TAISIG Talks 2 part 3: Max Louwerse on improving education by using AI
Professor Max Louwerse kicked off his talk with the confession that he has been struggling with the traditional education system for many years. The considerable progress of our society over the last centuries has brought about few changes in how students are being taught in classrooms and outside all over the world. A telling example is the practice of rereading texts, highlighting and taking notes, despite the fact that it can be detrimental to the learning process as demonstrated by scientific research. Max and his team are involved in a number of projects where the process of learning is turned into a personalized interactive experience supported by intelligent tutoring systems, virtual reality, serious gaming and machine learning. Some of these projects take place in the DAF Technology Lab on the campus of Tilburg University, an advanced mixed reality lab that offers state-of-the-art equipment for both research and educational purposes.
TAISIG Talks 1
TAISIG Talks 1 Part 1: Eric Postma on extraterrestrial life
The first speaker during the kick-off, Professor Eric Postma, expert on computer vision and deep learning, demonstrated how convolutional neural networks can help detect exoplanets moving in front of stars. The pattern recognition abilities of AI automatically process huge amounts of data collected by the TESS telescope and recognize the dimming of brightness indicative of an exoplanet. Since exoplanets in a particular zone might contain water, AI research helps in the search for extraterrestrial life and the potential identification of habitable exoplanets.
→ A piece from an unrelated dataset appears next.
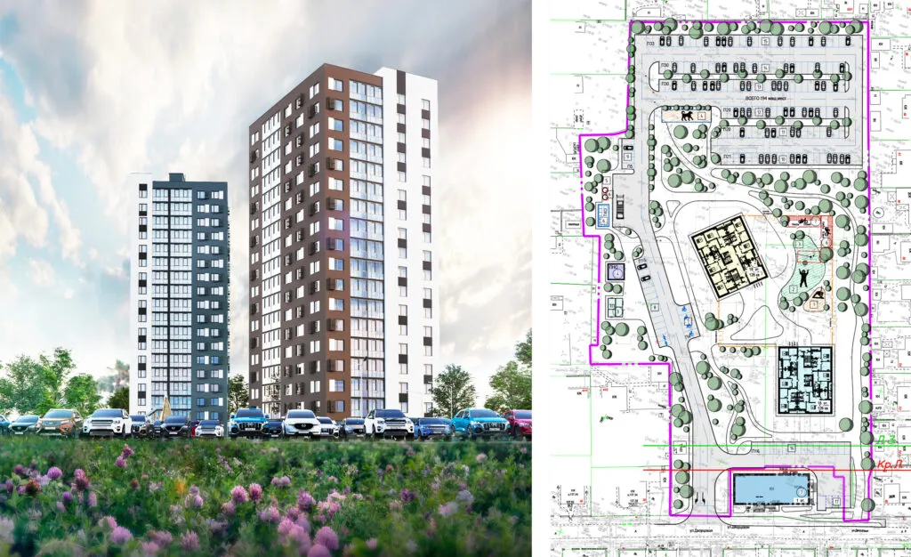 На земельном участке предусмотрено размещение двух 18-ти этажных многоквартирных жилых домов, с выполнением работ по благоустройству прилегающей территории и созданием благоприятной среды обитания для жителей данного района. Концепцией предусматривается размещение порядка 250 квартир в данной жилой группе.
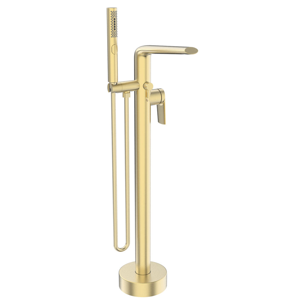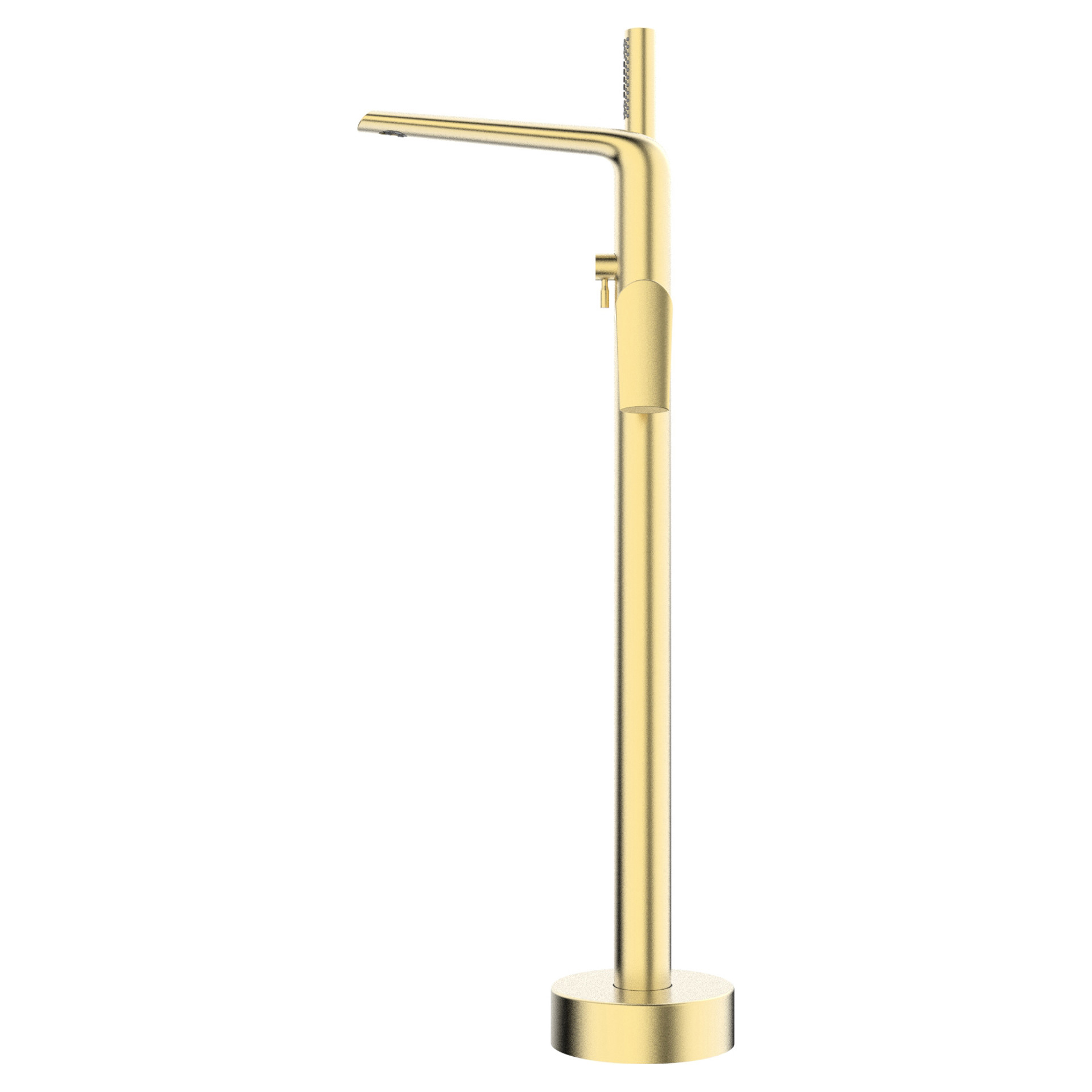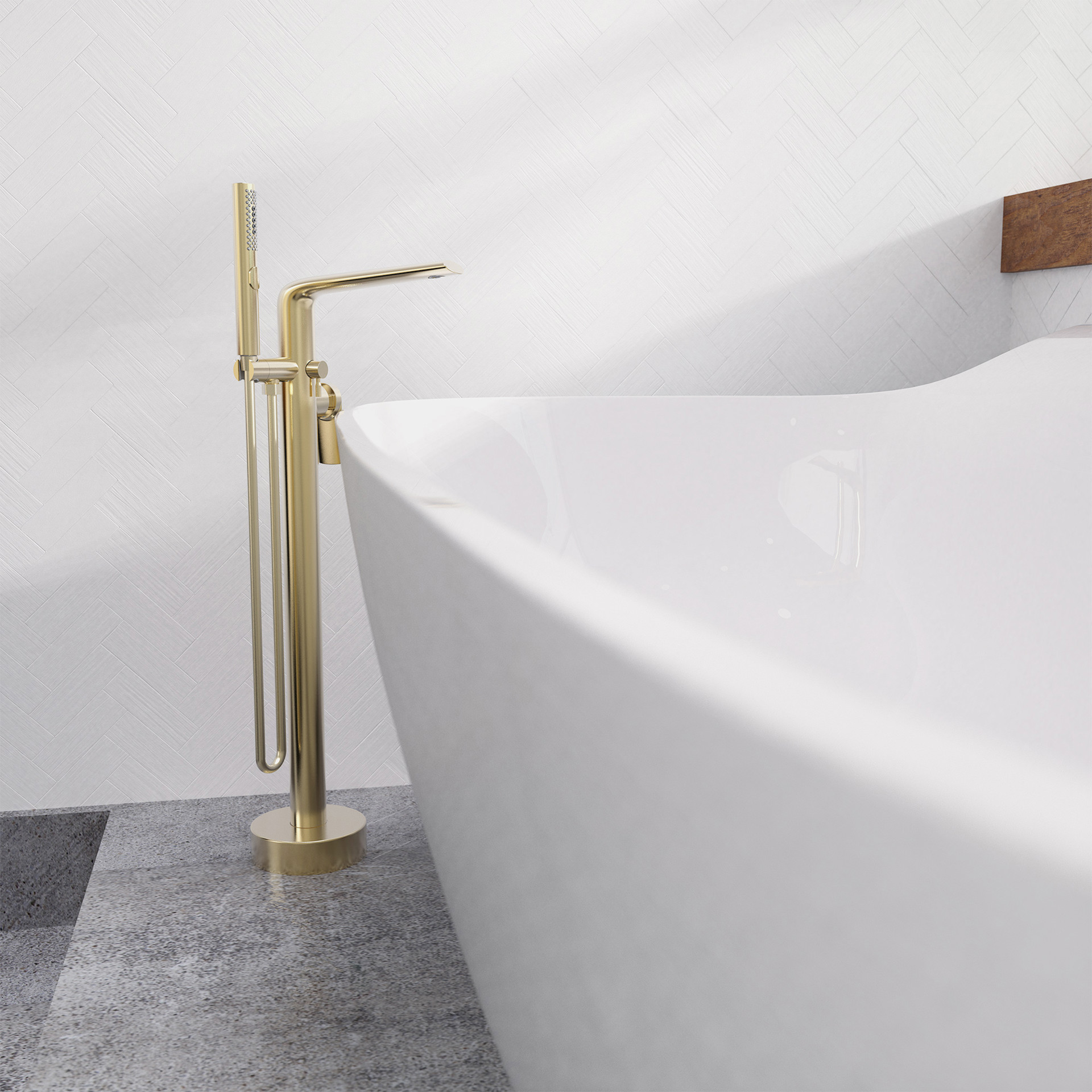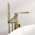 Its oval touch soften the angles of the give it a harmonious style to the floor mount bathtub filler with 2 way diverter and hand shower in matte gold finish.

TAISIG Talks 1 Part 2: Esther Keymolen on ethical issues
The second talk was presented by Esther Keymolen, Associate Professor at the Tilburg Institute for Law, Technology and Society. Esther’s research concerns the intersection of law and ethics where she focuses on trust, trustworthiness and privacy in technological applications. Currently, most of our enterprise takes place online, and we are worried about how our personal data is being used for commercial purposes. It is important that developers of new technologies work together with end users and address potential ethical challenges related to the intended context of use.
TAISIG Talks 1 Part 3: Chris Emmery on regaining privacy
The final speaker of the evening was Chris Emmery, AI researcher specialized in the field of adversarial computational stylometry. He explained how in his scientific work, he first examines what kinds of personal information can be collected by mining our publicly available text data, for example, texts placed on social media. Subsequently, using style obfuscation with auto-encoders, he creates and employs open source tools that combat invasive author profiling and thus help us protect ourselves against attempts to compromise our personal identity.